Your instructions
Quote exactly, and only, the lines from the one containing "近來,四川地區連日高溫,廣大" through the end of the material below. Skip pictures.

Data excerpt
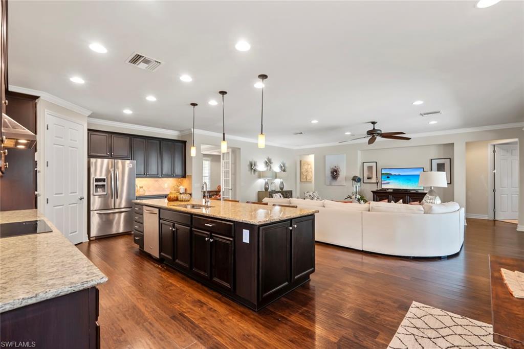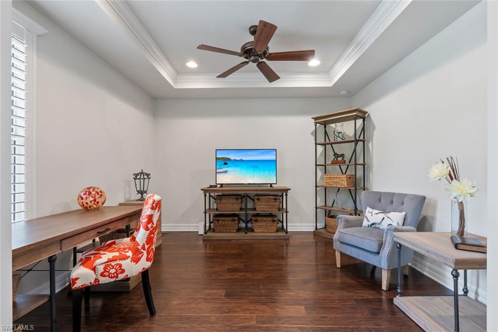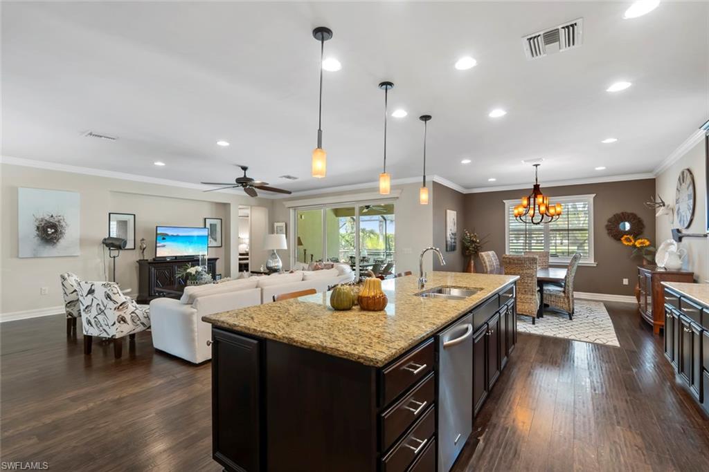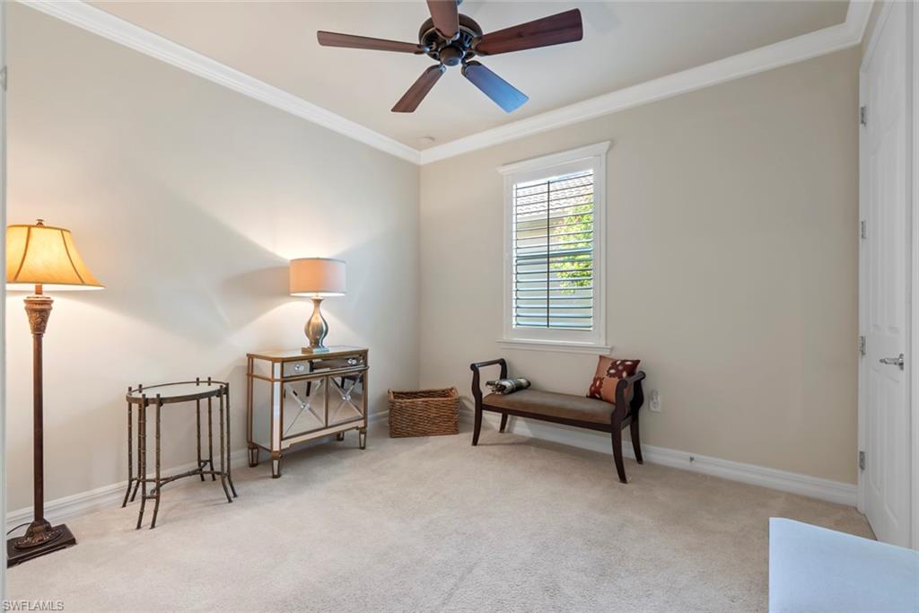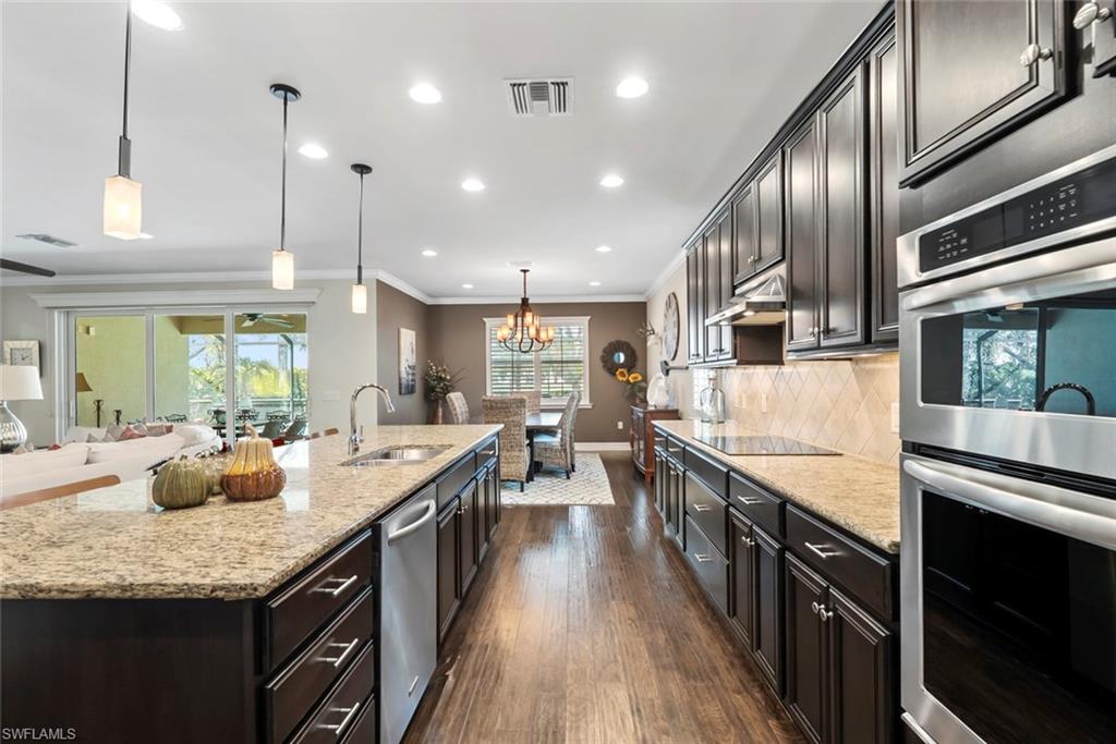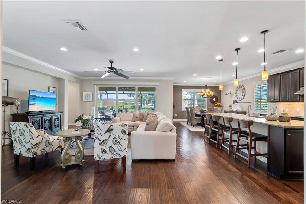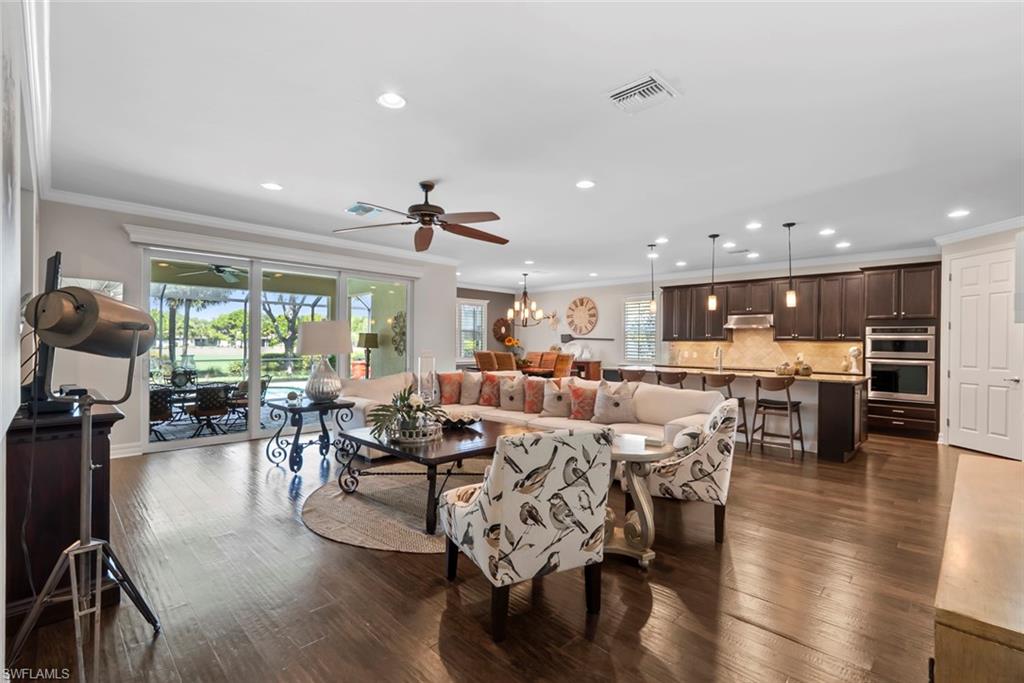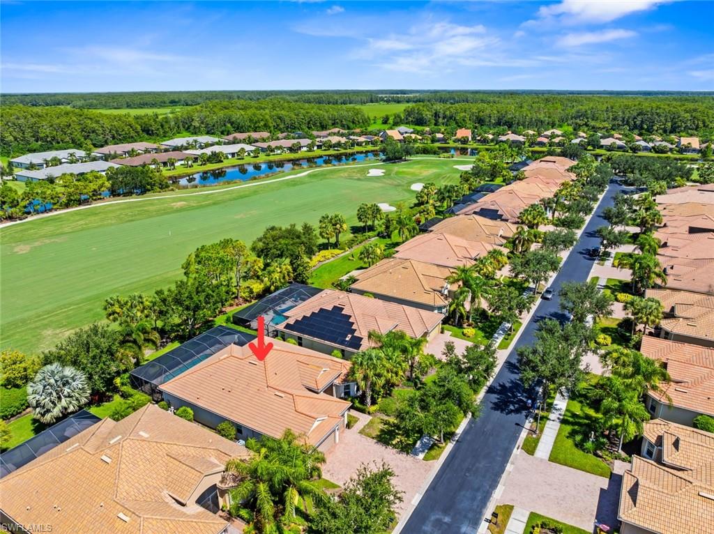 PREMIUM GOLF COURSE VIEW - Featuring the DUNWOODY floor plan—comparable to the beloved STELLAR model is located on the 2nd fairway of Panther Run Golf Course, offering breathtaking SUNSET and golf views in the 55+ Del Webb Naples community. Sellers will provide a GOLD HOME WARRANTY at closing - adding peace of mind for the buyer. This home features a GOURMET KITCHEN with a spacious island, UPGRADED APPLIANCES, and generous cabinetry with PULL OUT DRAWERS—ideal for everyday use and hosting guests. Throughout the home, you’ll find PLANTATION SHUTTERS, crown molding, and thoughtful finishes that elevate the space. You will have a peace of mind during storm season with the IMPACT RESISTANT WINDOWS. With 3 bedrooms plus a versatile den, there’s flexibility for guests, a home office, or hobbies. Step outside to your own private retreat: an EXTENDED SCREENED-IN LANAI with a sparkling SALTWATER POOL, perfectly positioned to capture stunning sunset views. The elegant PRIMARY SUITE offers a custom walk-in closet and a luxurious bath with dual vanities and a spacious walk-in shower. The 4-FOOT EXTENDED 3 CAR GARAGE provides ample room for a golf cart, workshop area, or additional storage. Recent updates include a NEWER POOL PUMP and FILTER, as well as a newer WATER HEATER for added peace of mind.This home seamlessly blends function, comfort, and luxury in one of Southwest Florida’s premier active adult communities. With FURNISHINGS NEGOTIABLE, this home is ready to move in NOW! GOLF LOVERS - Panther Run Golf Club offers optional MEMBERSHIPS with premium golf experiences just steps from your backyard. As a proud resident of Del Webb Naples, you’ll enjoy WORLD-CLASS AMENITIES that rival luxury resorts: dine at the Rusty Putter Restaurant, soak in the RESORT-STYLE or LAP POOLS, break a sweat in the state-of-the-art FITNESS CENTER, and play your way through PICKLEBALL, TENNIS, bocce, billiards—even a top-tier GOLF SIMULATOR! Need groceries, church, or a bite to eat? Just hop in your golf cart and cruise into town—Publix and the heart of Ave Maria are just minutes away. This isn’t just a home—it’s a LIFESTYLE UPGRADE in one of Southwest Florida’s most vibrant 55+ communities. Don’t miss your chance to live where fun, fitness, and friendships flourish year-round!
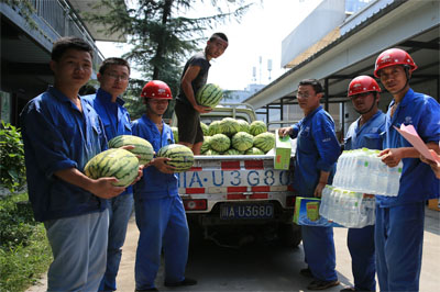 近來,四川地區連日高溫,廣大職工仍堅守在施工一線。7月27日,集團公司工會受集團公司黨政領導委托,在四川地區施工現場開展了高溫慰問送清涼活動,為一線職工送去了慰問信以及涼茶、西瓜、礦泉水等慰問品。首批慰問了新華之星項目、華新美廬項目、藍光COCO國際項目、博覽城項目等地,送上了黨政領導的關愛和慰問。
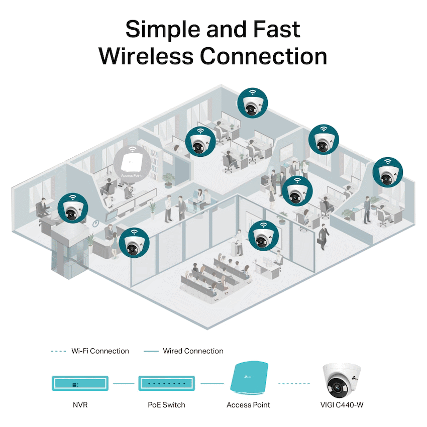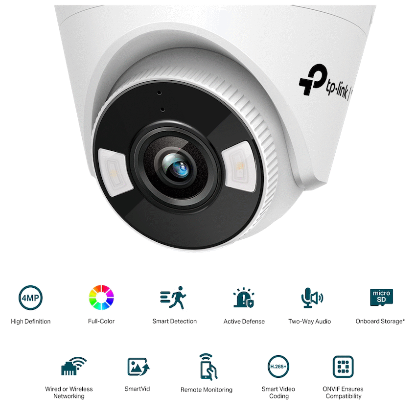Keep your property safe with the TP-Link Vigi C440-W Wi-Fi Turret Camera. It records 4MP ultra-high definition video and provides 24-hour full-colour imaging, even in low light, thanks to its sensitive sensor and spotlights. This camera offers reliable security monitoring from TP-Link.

Answer to the exercise
 近來,四川地區連日高溫,廣大職工仍堅守在施工一線。7月27日,集團公司工會受集團公司黨政領導委托,在四川地區施工現場開展了高溫慰問送清涼活動,為一線職工送去了慰問信以及涼茶、西瓜、礦泉水等慰問品。首批慰問了新華之星項目、華新美廬項目、藍光COCO國際項目、博覽城項目等地,送上了黨政領導的關愛和慰問。
Keep your property safe with the TP-Link Vigi C440-W Wi-Fi Turret Camera. It records 4MP ultra-high definition video and provides 24-hour full-colour imaging, even in low light, thanks to its sensitive sensor and spotlights. This camera offers reliable security monitoring from TP-Link.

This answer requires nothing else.